Speckle pattern interferometry : vibration measurement based on a novel CMOS camera
Abstract
A digital speckle pattern interferometer based on a novel custom complementary metaloxide-
semiconductor (CMOS) array detector is described. The temporal evolution of the
dynamic deformation of a test object is measured using inter-frame phase stepping. The
flexibility of the CMOS detector is used to identify regions of interest with full-field time
averaged measurements and then to interrogate those regions with time-resolved
measurements sampled at up to 7 kHz.
The maximum surface velocity that can be measured and the number of measurement
points are limited by the frame rate and the data transfer rate of the detector. The custom
sensor used in this work is a modulated light camera (MLC), whose pixel design is still
based on the standard four transistor active pixel sensor (APS), but each pixel has four
large independently shuttered capacitors that drastically boost the well capacity from that
of the diode alone. Each capacitor represents a channel which has its own shutter switch
and can either be operated independently or in tandem with others. The particular APS of
this camera enables a novel approach in how the data are acquired and then processed.

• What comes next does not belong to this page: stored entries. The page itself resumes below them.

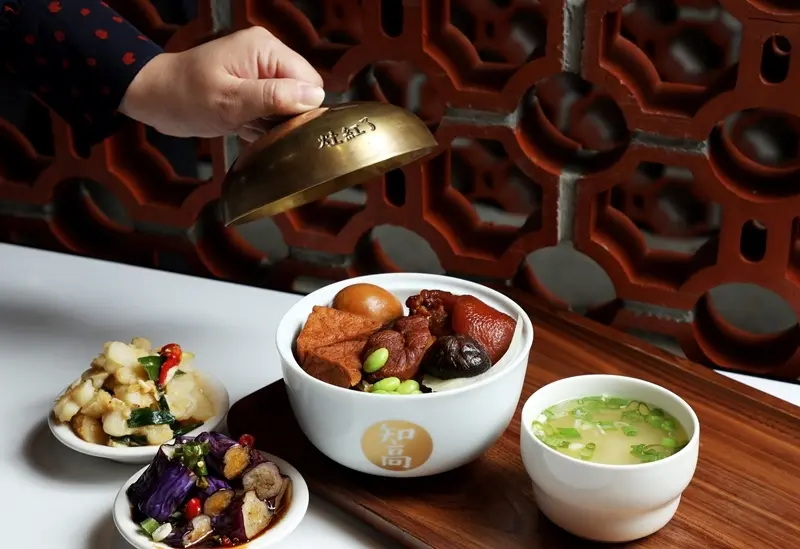 林致兵首次品嚐三重老店的知高飯就上癮,與創始人莊玉華一拍即合,在獲取莊玉華的信任與授權後,帶著這股老滋味走出三重,選在永康商圈展開一場「世代交替」的味蕾延續,採用黃銅的空間與餐具,展現出新生時尚感,當知高飯上桌、打開黃銅蓋的那一刻,更能感受不變的初衷。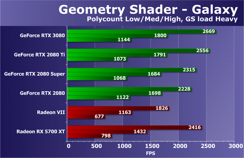 Скорость рендеринга в этом тесте должна зависеть сразу от нескольких параметров, и основными факторами влияния должны являться производительность обработки геометрии и эффективность выполнения геометрических шейдеров. Сильные стороны чипов Nvidia должны были проявиться, но мы в который раз получаем явно некорректные результаты в этом тесте. Смотреть на результаты видеокарт всех GeForce просто нет смысла, они попросту неверны. И модель RTX 3080 ничего не изменила.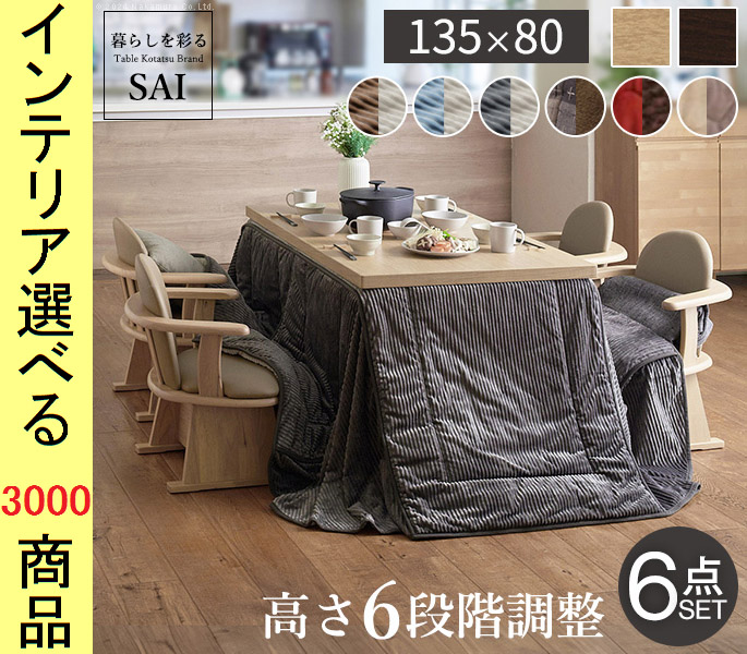 こたつセット テーブル+掛布団+肘置き付き回転椅子4脚 135×80×45cm ダイニングタイプ 高さ6段階調節可 ファン式ヒーター付き 2色展開 YNI3300263
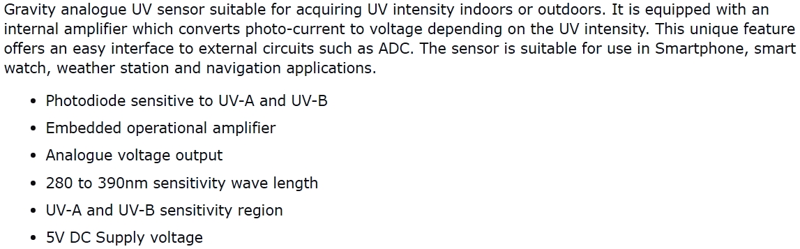 | 1216492 סנסור לפיתוח - DFROBOT UV SENSOR FOR ARDUINO | DFROBOT | סנסור לפיתוח - DFROBOT UV SENSOR FOR ARDUINO ♦ מק"ט יצרן : SEN0175 &... מוצרי פיתוח לאלקטרוניקה » מוצרי פיתוח לאלקטרוניקה - DFROBOT | כמות |

In this Thesis we demonstrate how, at a given frame rate and at a given number of
measurement points, the data transfer rate of our system is increased if compared to the
data transfer rate of a system using a standard approach. Moreover, under some
assumptions, the gain in system bandwidth doesn’t entail any reduction in the maximum
surface velocity that can be reliably measured with inter-frame phase stepping.